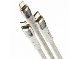 Зарядный кабель в нейлоновой оплетке 3 в 2 ROCK G20 Transparency Series 3 in 2 Multifunctional Fast Charging Cable USB-C, Micro Usb, Lightning - USB-C, USB A 150 см. бежевый 103610669982
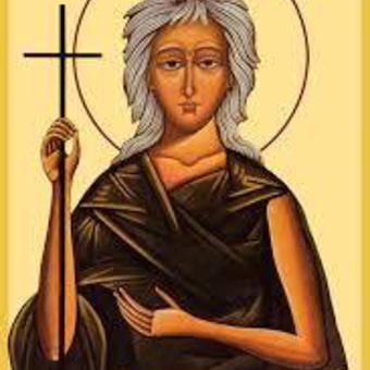 وانقضت الأيام والسنون، فمرّ الكاهن زوسيما في البرّية، وإذا أمامه امرأة شاحبة الوجه، كثيفة الشعر الناصع البياض. فأخذت تقص عليه سيرتها. ففرح بها زوسيما جداً ومجّد الله. فسألته أن يأتيها بالقربان المقدس. ثم طلبت بركته وصلاته، وأنصرفت إلى مواصلة جهادها في توبتها. وبعد سنة جاء يفتقدها. فوجدها ميتة ممدّدة على الأرض ووجهها يطفح نوراً وبهاءً. فدفنها وعاد إلى ديره. وكانت وفاتها سنة 521.
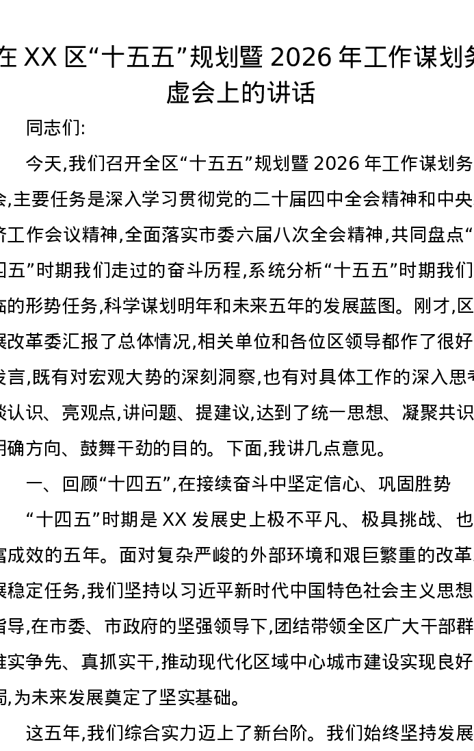 在XX区十五五规划暨2026年工作谋划务虚会上的讲话
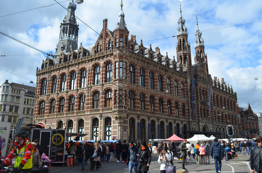 A cidade é também a capital cultural do país. Cheguei em Amsterdam vindo de Bruxelas de trem, paguei 29 euros.  Desci no Schiphol Airport  https://www.schiphol.nl/en/ e imediatamente entrei no metrô. Tinha um funcionário na estação orientando as pessoas para embarcarem. Ao embarcar no metrô estranhei as pessoas, estavam todas de algum adereço na cor laranja e a maioria já meio alterado por ingerir bebidas. Desci na estação central de Amsterdam, https://www.gvb.nl/ aí a coisa foi pior. Uma multidão de roupas laranjadas e todo mundo na rua. Perguntei a algumas pessoas o que estava acontecendo e me falaram que era o maior   feriado da Holanda. O dia do Rei, dia do aniversário do rei Willem-Alexander. Antes era o dia da Rainha, mas em 2013 ela renunciou em prol de seu filho. A festa não tem nada de desfile, bandas marciais ou coisas deste tipo. Na verdade é uma comemoração nas ruas. Os holandeses saem para as ruas e canais comemorando  e neste mesmo dia ocorre em vários locais a Vrijmarkt, quando todo mundo põe as suas bugigangas na calçada e faz um bazar coletivo.

══════════════════════════════

# YOUR INSTRUCTIONS:
Look above for the line holding "وانقضت الأيام والسنون،" and output everything from it down to the line holding "在XX区十五五规划暨2026年工作谋划务虚会上的讲话", both ends included, exactly and without images.

# RESPONSE AREA:
 وانقضت الأيام والسنون، فمرّ الكاهن زوسيما في البرّية، وإذا أمامه امرأة شاحبة الوجه، كثيفة الشعر الناصع البياض. فأخذت تقص عليه سيرتها. ففرح بها زوسيما جداً ومجّد الله. فسألته أن يأتيها بالقربان المقدس. ثم طلبت بركته وصلاته، وأنصرفت إلى مواصلة جهادها في توبتها. وبعد سنة جاء يفتقدها. فوجدها ميتة ممدّدة على الأرض ووجهها يطفح نوراً وبهاءً. فدفنها وعاد إلى ديره. وكانت وفاتها سنة 521.
 在XX区十五五规划暨2026年工作谋划务虚会上的讲话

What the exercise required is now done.